What was specific to Feb.13 through 15 in the Roman calendar was the pagan festival of Lupercalia. Robert Myers, in Celebrations: The Complete Book of American Holidays writes: "The most plausible theory for St. Valentine's Day traces its customs back to the Roman Lupercalia, a feast celebrated in February in honor of the pastoral god Lupercus, a Roman version of the Greek god Pan. The festival was an important one for the Romans and, occurring when it did, naturally had some aspects of a rebirth rite to it" (pp. 50-51).

The Lupercalia festival was celebrated in honor of a number of pastoral deities. It combined the idea of cleansing before spring renewal with the promotion of sexual fertility and reproduction, a prevalent theme throughout pagan religion. Young men dressed in the skins of sacrificed goats would run from the Lupercal cave brandishing strips of goat skin as whips. Any women slapped by these were assured fertility and ease in childbirth. (The Encyclopaedia Britannica, Vol. 15, 9th edition, "Lupercalia").

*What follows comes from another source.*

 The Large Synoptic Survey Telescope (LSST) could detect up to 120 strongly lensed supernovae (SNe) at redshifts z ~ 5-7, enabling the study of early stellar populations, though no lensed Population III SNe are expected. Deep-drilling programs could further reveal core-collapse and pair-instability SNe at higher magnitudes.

As Christianity spread throughout the Roman Empire, it was common for pagan converts to retain their earlier religious customs and practices. Edward Gibbon, in his classic work The History of the Decline and Fall of the Roman Empire, states: "After the conversion of the Imperial city, the Christians still continued, in the month of February, the annual celebration of the Lupercalia; to which they ascribed a secret and mysterious influence on the genial [generative or reproductive] powers of the animal and vegetable world" (chap. 36).

Pope Gelasius is said to have eradicated Lupercalia from Christian observance in the last decade of the fifth century, but the intermingling of paganism and Christianity had become inseparable in much of the Western world. Saturnalia and Mithraism were incorporated into the church through claiming a December birth date for Jesus Christ. Various spring fertility rites merged to form the basis of Easter celebrations, and Lupercalia evolved into the observance of St. Valentine's Day.

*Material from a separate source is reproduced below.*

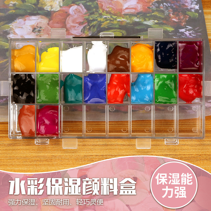 水彩保湿ボックス36格パレットボックス24格絵の具ボックス保湿透明ポータブル油絵皿パレット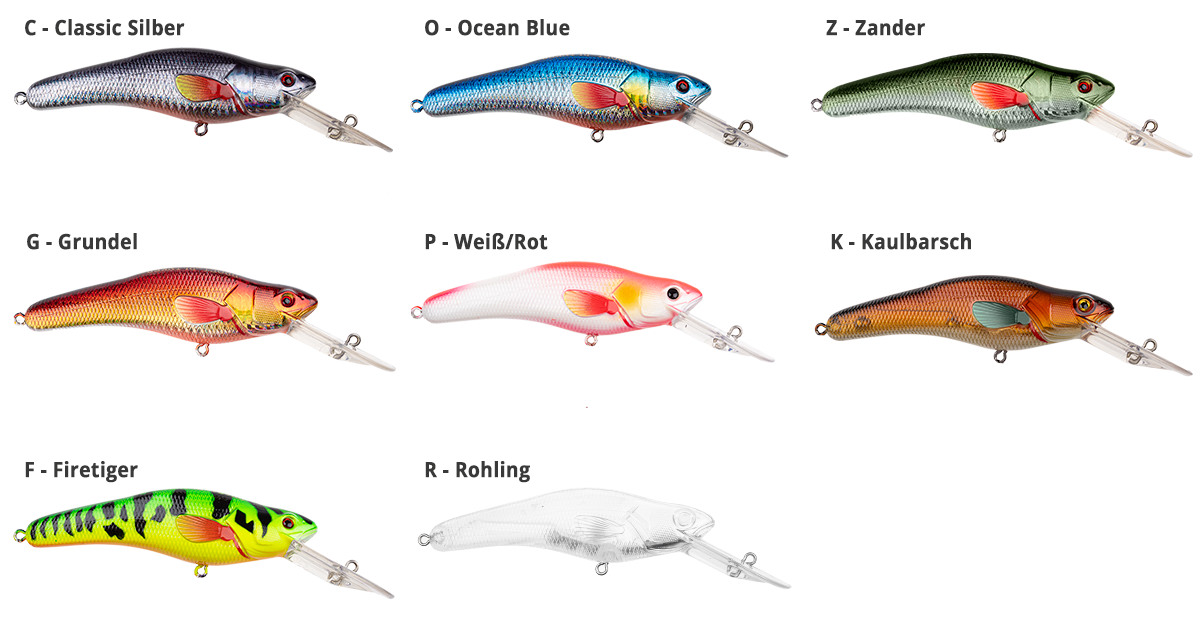 Die Crank Runner werden in 8 Farben, in einer Länge von 115 mm (ohne Tauchschaufel gemessen) angeboten. Außerdem sind sie unlackiert und unverpackt. Die Rohlinge müssen vor Gebrauch mit Klarlack versiegelt werden.

In a similar fashion the Catholic church canonized saints who were celebrated with his or her own feast day and attributed with spheres of responsibility previously attributed to the various pagan gods. St. Stephen is the patron saint of stonemasons; doctors are to pray to St. Luke, fishermen to St. Andrew and carpenters to St. Joseph. There are patron saints for farmers, hunters, shoemakers and even comedians. And then there is the patron saint of love and romance, St. Valentine.

God warned ancient Israel not to mix pagan customs with worshipping Him as the one true God and that admonition is still relevant for Christians today: "Take heed to yourself that you… do not inquire after their gods, saying, 'How did these nations serve their gods? I also will do likewise.' You shall not worship the Lord your God in that way; for every abomination to the Lord which He hates they have done to their gods" (Deuteronomy 12:30-31).

Even some Christians who reject religious holidays with roots in paganism, like Christmas and Easter, see nothing wrong with holidays like Valentine's Day, New Year's Day and Halloween despite their pagan origin. The reasoning goes like this: Christmas and Easter must be rejected because they are attempts to worship God with pagan customs. The other holidays, however, while they might have once been used to worship God, are now deemed completely secular. And since what God actually forbids is using pagan customs to worship Him, we are free to practice pagan worship customs if they are not now used for worship.

This reasoning ignores the fact that God told the Israelites to completely eradicate all vestiges of pagan worship. The observance of Valentine's Day is just one of many traditions sincere Christians should avoid, while seeking to return to the foundation of true worship following Jesus Christ as our example.